DIRECTIONS.
Please keep the images out and set down the data exactly as given.

DATASET CONTENT.
=== Begin Enclosure ===
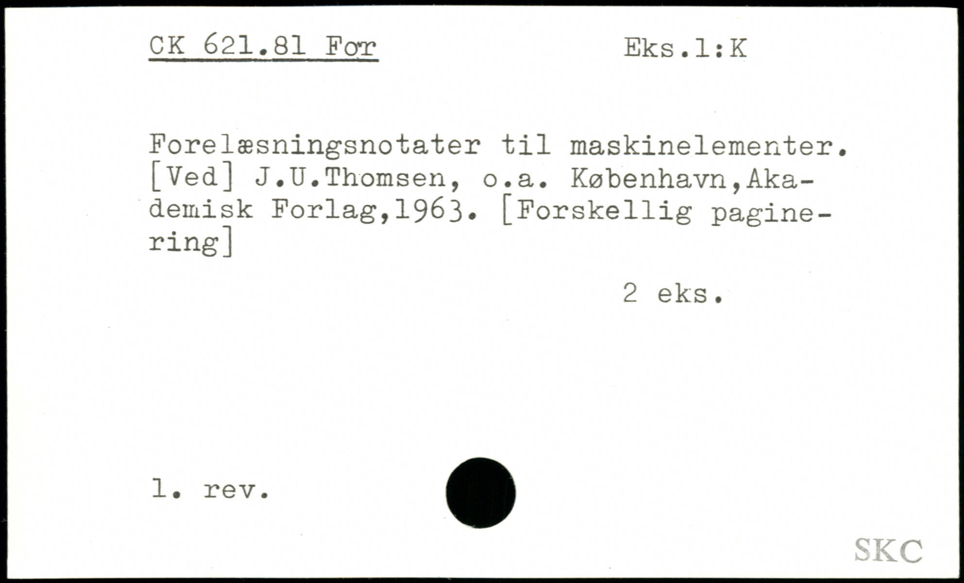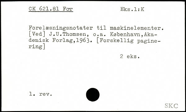 Forelæsningsnotater til maskinelementer. [Ved] J.U.Thomsen, o.a.
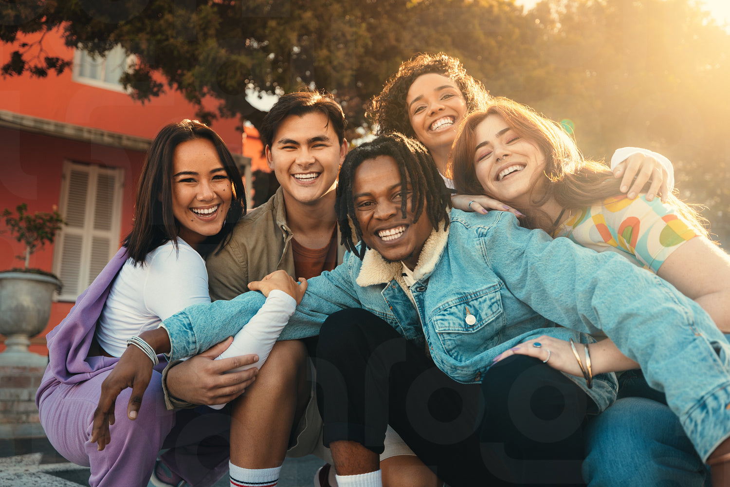Group of happy friends smiling and bonding while participating in a study abroad program outdoors.
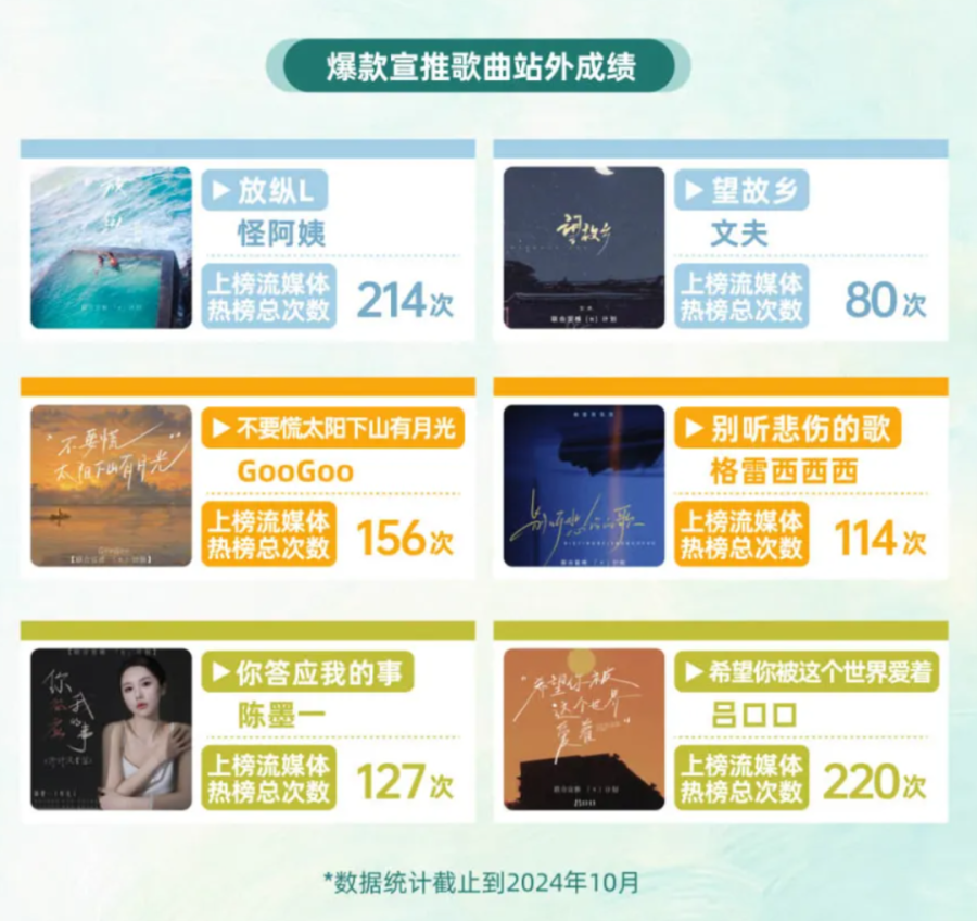 效果也是立竿见影,过去一年,快手音乐「π」计划累计宣推的80多首歌曲,在联合宣推期间累计发布视频量超过5400万,累计播放量超过450亿次。甚至,不少歌曲从站内火到站外,呈现出全网爆发的态势。例如,截至2024年10月,《放纵L》《希望你被这个世界爱着》上榜流媒体热榜总次数都在200次以上。
=== End Enclosure ===
WRITTEN SOLUTION.
 Forelæsningsnotater til maskinelementer. [Ved] J.U.Thomsen, o.a.
Group of happy friends smiling and bonding while participating in a study abroad program outdoors.
 效果也是立竿见影,过去一年,快手音乐「π」计划累计宣推的80多首歌曲,在联合宣推期间累计发布视频量超过5400万,累计播放量超过450亿次。甚至,不少歌曲从站内火到站外,呈现出全网爆发的态势。例如,截至2024年10月,《放纵L》《希望你被这个世界爱着》上榜流媒体热榜总次数都在200次以上。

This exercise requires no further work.